Momentum-Dependent Nonlinear Optical Spectroscopy of Charged Aqueous Interfaces

Interfacial hydrogen (H)–bonding network dominates energy transfer and reaction pathway at charged aqueous interfaces. While sum-frequency (SF) spectroscopy is versatile to investigate interfacial systems for its high interface sensitivity, correct SF spectral interpretation on charged water interfaces remains challenging for years. The difficulty arises from the third-order nonlinear optical effect owing to the dc surface field formed by interfacial charges and ions in the electrical diffuse layer. Here we report a momentum-dependent sum-frequency vibrational spectroscopic scheme for extracting the interfacial SF spectra with the third-order effect excluded.
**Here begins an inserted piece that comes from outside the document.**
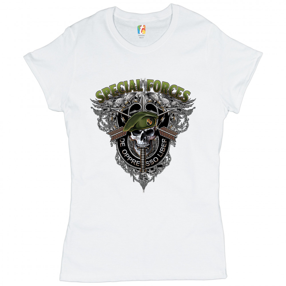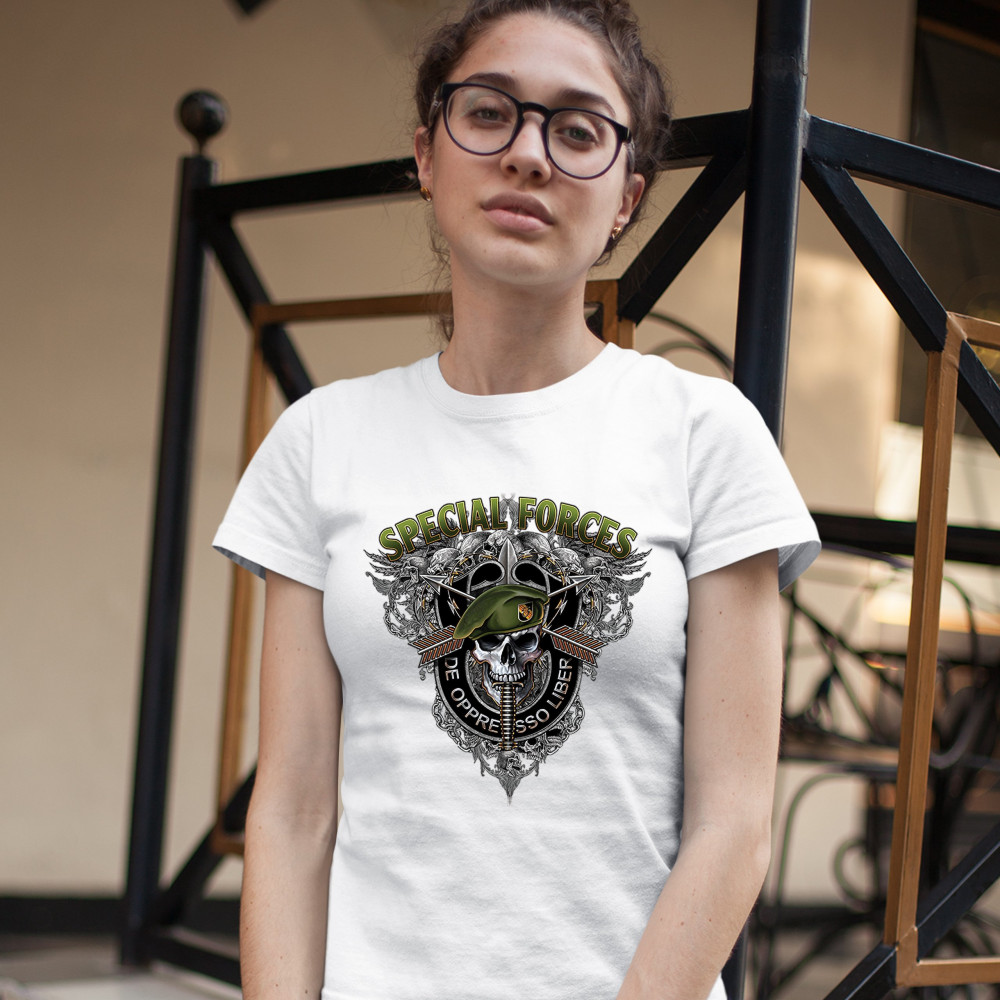 A patriotic print featuring a skull wearing a green beret with a dagger in it's mouth. At the top the print says: "Special Forces". Around the skull there is a black stripe with the special forces' slogan written on it: "de oppresso liber". In the backgro

Applying the method to a model surfactant-water interface reveals a hidden weakly donor H-bonded water species, suggesting an asymmetric hydration-shell structure of fully solvated surfactant headgroups. In another application to a zwitterionic phosphatidylcholine lipid monolayer–water interface, we find a highly polarized H-bonded water structure associating to the phosphatidylcholine headgroup, and show that the dc-field-induced third-order effect is negligible by experiments. Our all-optic method offers an in situ microscopic probe of electrochemical and biological interfaces.